Lockdown Had Some Pretty Weird Effects On Our Dreams, Says New Study

If you've been dreaming about being surrounded by other people lately, you're not alone (in real life, we mean.) Image credit: Sergey Voevodin/Shutterstock.com

We’ve been practicing a magic trick – are you ready? We’re going to try and read your mind.

Here goes: You recently had a dream about traveling to a crowded place.

Gasp! How did we know?! Well, it may be true that a magician never reveals their secrets, but this is science – and science has peer review. A new study published in the Journal of Sleep Research has been tracking the effects of lockdown on our dreams, and let’s just say if you’ve woken up in a cold sweat lately after dreaming about an overcrowded grocery store trip, trust us, you’re not alone.

The research followed 90 subjects living under the Italian lockdown for two weeks back in April and May 2020. During the first week of the study, the country was still under a strict stay-at-home order in an effort to curb the coronavirus outbreak. But during the second week, restrictions had started to lift, and that gave the researchers a valuable opportunity to figure out the effect of lockdown on participants’ dreams.

“To the best of our knowledge, the current study provided the first within-subjects longitudinal assessment of dream activity across the pandemic in Italy,” the authors wrote. “Our results […] confirmed that both sleep and dream measures showed critical differences between the lockdown and post-lockdown periods.”

Participants reported significant differences in sleep and dream qualities during and after lockdown. Scarpelli et al. 2021 CC BY 4.0

The study painted a stark picture of the effects of the pandemic on our mental health: participants were (understandably) stressed and anxious under lockdown, and that made it difficult to get a peaceful night’s sleep.

“[The lockdown period] was characterized by a higher number of awakenings and greater perceived difficulty falling asleep than the subsequent week,” the authors explained, noting that this result was in line with other studies from Italy and Canada.

“It is easy to speculate that the greater difficulty to fall asleep and the sleep fragmentation across the night may be linked with the higher arousal due to the psychological distress experienced during wakefulness.,” they added. “More than half of our sample showed clinically relevant anxiety and PTSD-related symptoms during sleep [during lockdown].”
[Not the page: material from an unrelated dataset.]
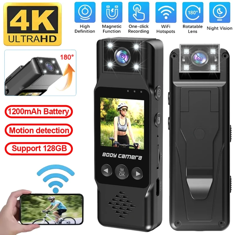 Comprar Mini cámara L13 HD 4K WiFi 180 ° Grabador de vídeo Digital DV deportivo giratorio, cámara portátil usada en el cuerpo, videocámara de visión nocturna IR
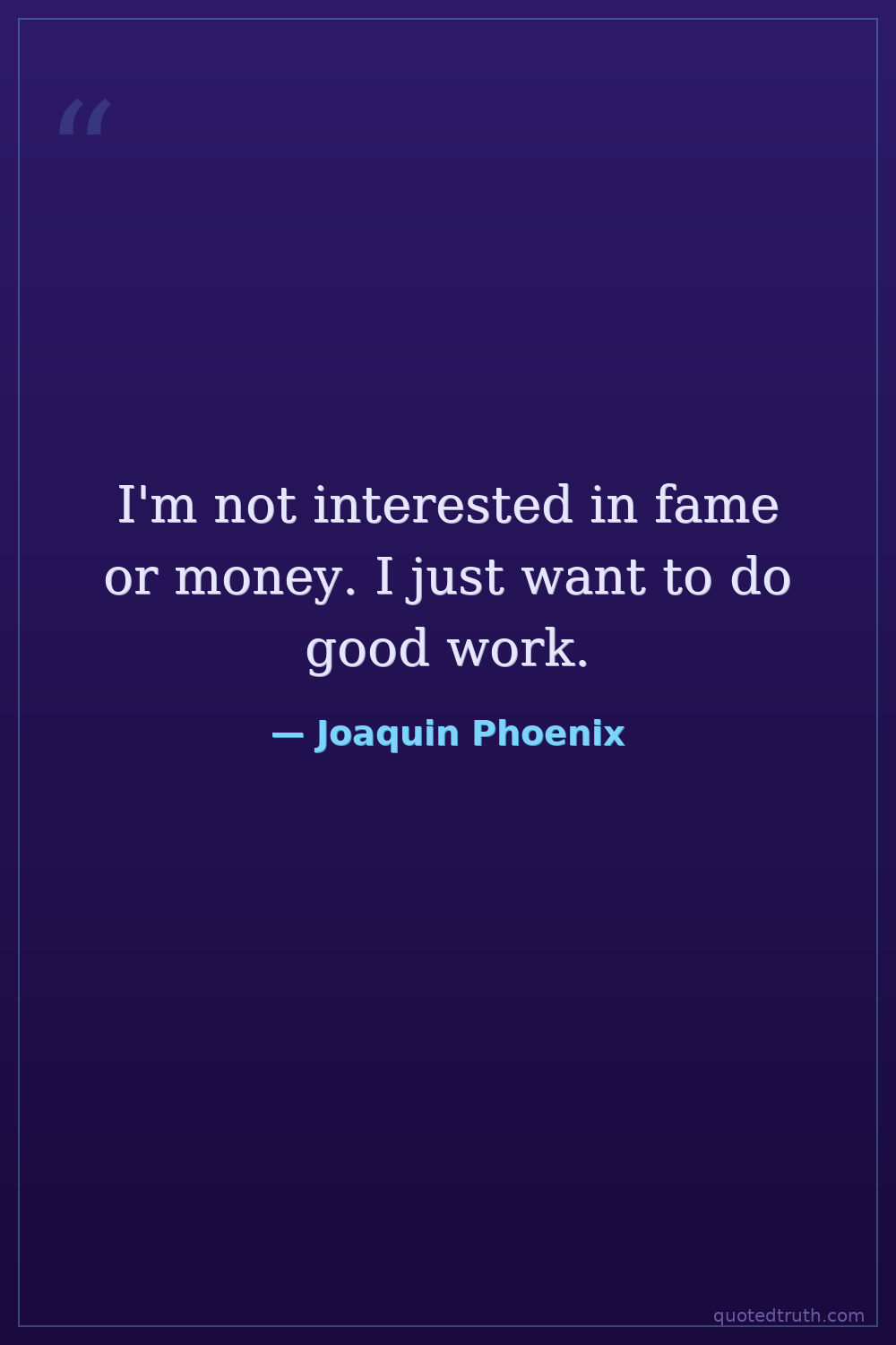 I'm not interested in fame or money. I just want to do good work.

But once the study participants finally dropped off, the study revealed something intriguing: the subjects were better able to recall their dreams during lockdown than after – and more likely to experience lucid dreams.

“On the one hand, this result is in line with our expectations,” the researchers wrote. “The relationship between traumatic events and [ability to recall dreams] replicates previous findings," they explained, clarifying that "the higher lucid dream frequency during lockdown compared with post-lockdown represents a completely original finding.”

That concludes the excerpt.